Microsoft Interview Question
Software Engineer in Tests@all what abhi said is right but if one array is big & have enough space to store 2nd array elements then it can be done in O(nlogn) for unsorted & O(n) for sorted array
& space required O(1)..isn't it...else i don't think any problem in this question if u wish i can post the exact working code this..
Hi
Do you think that if we merge as usual (like after merge sort) but on encountering same numbers, increment both pointers (running on the two arrays by 1) ?
That is
// Untested code
Let i run on Sorted Arr 1 and j run on sorted array 2.
i = 0;
j = 0;
Usual Merge routine (with a twist) {
while(i < arr1.length && j < arr2.length) {
if(arr1[i].compareTo(arr2[j]) < 0)
copy arr1[i] to arr3[k]
i++;
else if(arr[i].compareTo(arr2[j]) > 0)
copy arr2[j] to arr3[k]
j++;
else // when they are equal
// copy either one
copy arr1[i] to arr3[k]
i++;
j++;
}
k++;
} // end of merge
Think this might work ? Let me know if there are bugs.

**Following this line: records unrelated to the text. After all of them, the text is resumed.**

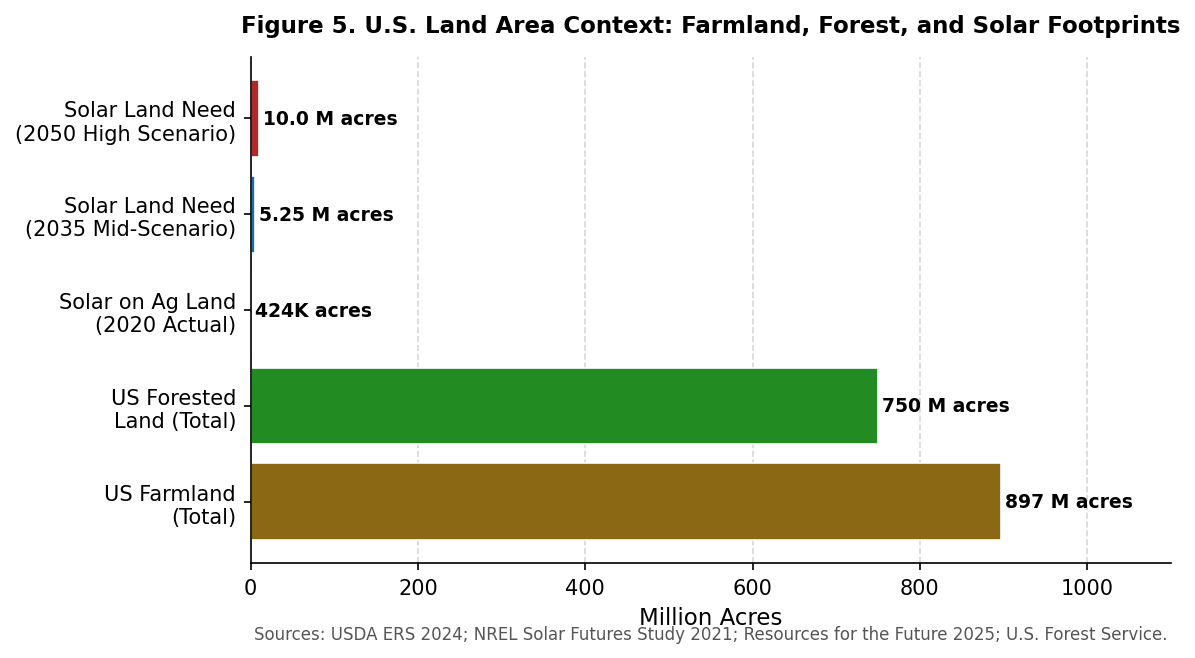 Figure 5. U.S. land area context: total farmland, total forested land, and solar land footprints (actual 2020 and projected 2035/2050). Solar’s actual footprint is minuscule relative to both farmland and forest baselines, but trajectory and siting quality matter enormously.
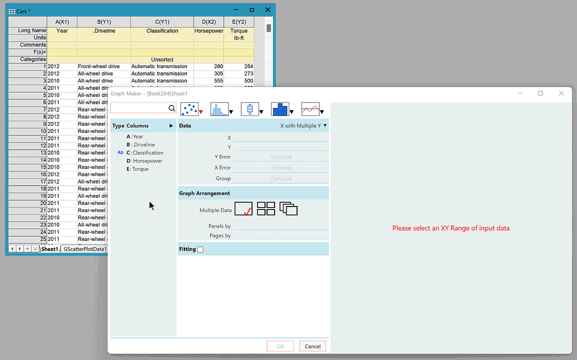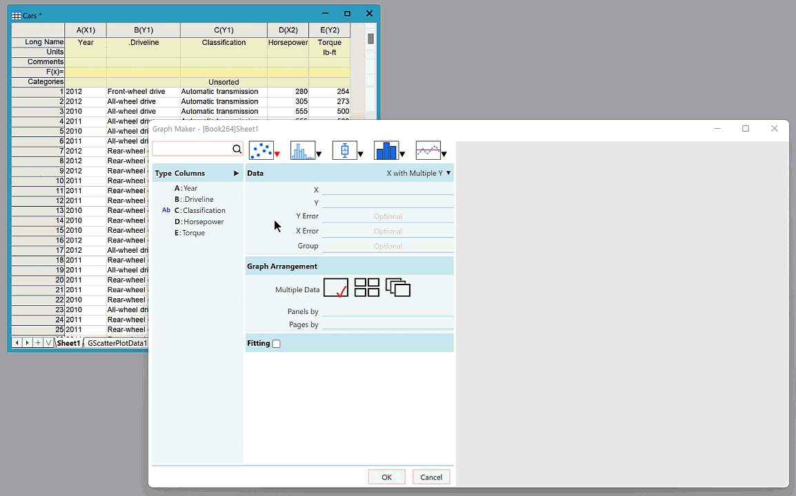 When you open the Graph Maker dialog, you’ll find several general templates that help you quickly create graphs from your data. Begin by selecting the graph type you want.
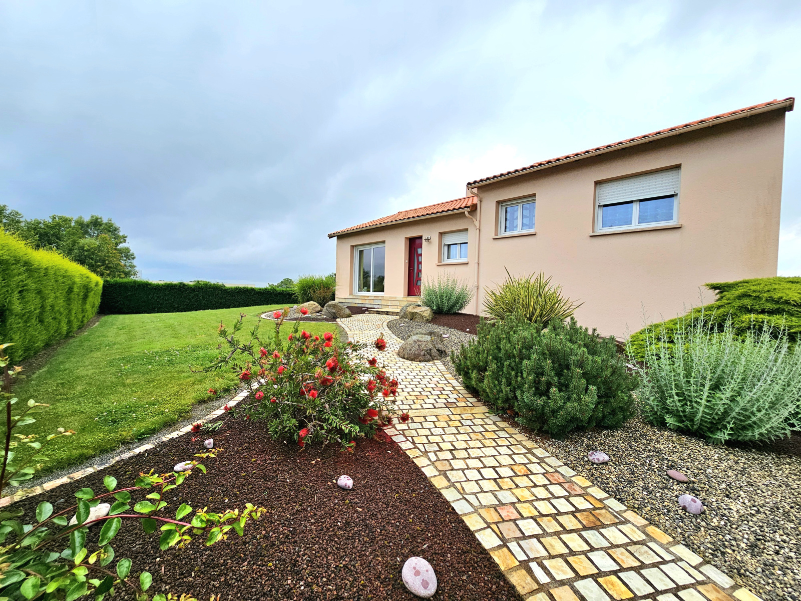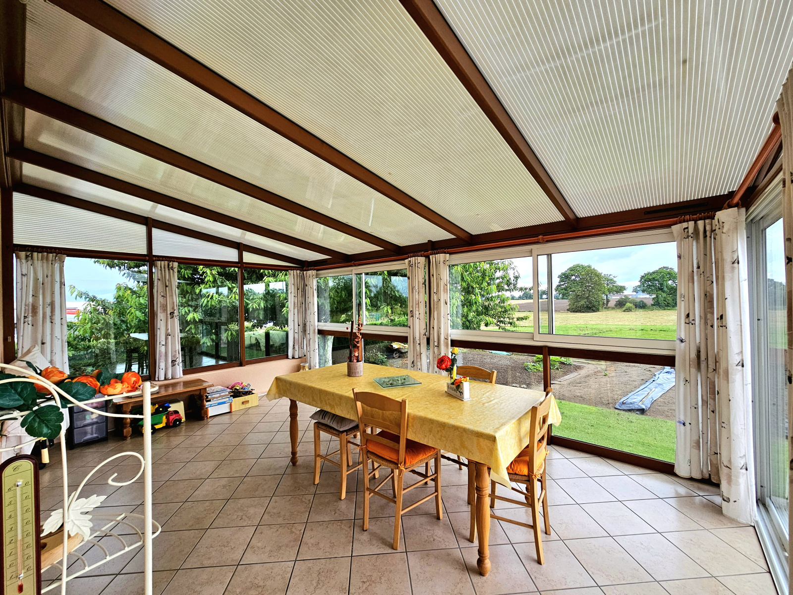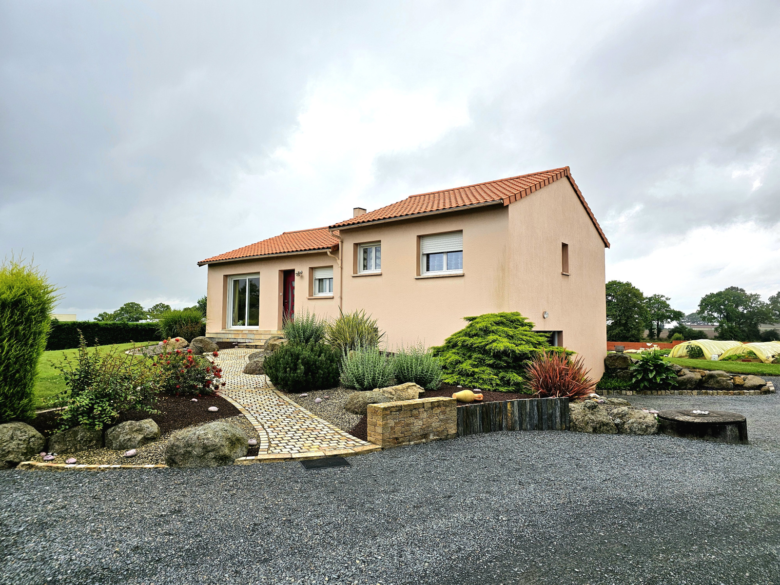 Sur la commune de Tillières, acquisition immobilière de cette maison. Si vous cherchez un bien où emménager en famille, venez vite voir ce logement. Cette maison sur sous-sol intégral mesurant 93.64m² de surface habitable comprend une cuisine séparé, un espace nuit comprenant 3 chambres, une salle de bain et un salon/séjour de 34m²ouvert sur une véranda de 18.25m². La construction s'est achevée en 1986. La maison vous offira un confort indéniable grace a sa pompe à chaleur gainé qui permet de climatioser et chauffer chaque piece de la maison. Le calme est assuré grâce aux fenêtres à double vitrage. À l'extérieur, vous disposerez d'un jardin occupant 1457m². La maison donne accès à une aire de parking pour se garer rapidement et un garage.

I m testing it anyway.
Good luck !
int MergeArrays()
{
//Assume inputs, C is destination but might not get filled till x+y and hence we return how much it is filled
A[x] B[y] C[x+y]
i=j=k=0;
while(i < x && j < y)
{
i = skipDupesWithinArray(A, i, x);
j = skipDupesWithinArray(B, j, y);
if(i == x)
{
return AssignRestArray(B, j, y, C, k);
}
if(j == y)
{
return AssignRestArray(A, i, x, C, k);
}
if(A[i] == B[j])
{
j++;
}
else if(A[i] < B[j])
{
C[k++] = A[i++];
}
else
{
C[k++] = B[j++];
}
}
return k;
}
int skipDupesWithinArray(Array H, int currPos, int maxNum)
{
while(currPos + 1 < maxNum)
{
if(H[currPos] == H[currPos] + 1)
currPos++;
}
return currPos;
}
int AssignRestArray(Array H, int currPos, int maxNum, Array X, int xPos)
{
while(currPos < maxNum)
{
X[xPos++] = H[currPos++];
currPos = skipDupesWithinArray(H, currPos, maxNum);
}
return xPos;
}
Assuming both arrays are sorted.
a[] is of size M & b[] is of size N.
c is the third array which contains the sorted data avoiding duplicates.
i=0;j=0; top=-1;
while(i<M && j<N)
{
if(a[i]<b[j])
c[++top]=a[i++];
else if(a[i]>b[j])
c[++top]=b[j++];
else
{
c[++top]=a[i++];
j++;
}
}
while(i<M)
c[++top]=a[i++];
while(j<N)
c[++top]=b[j++];
If the input arrays are sorted then we have no problem if not we have two option.
- Sanjay May 21, 20111. merge and short.
2. short and merge.
the second option is better as shorting 2 smaller array takes less time then the bigger one.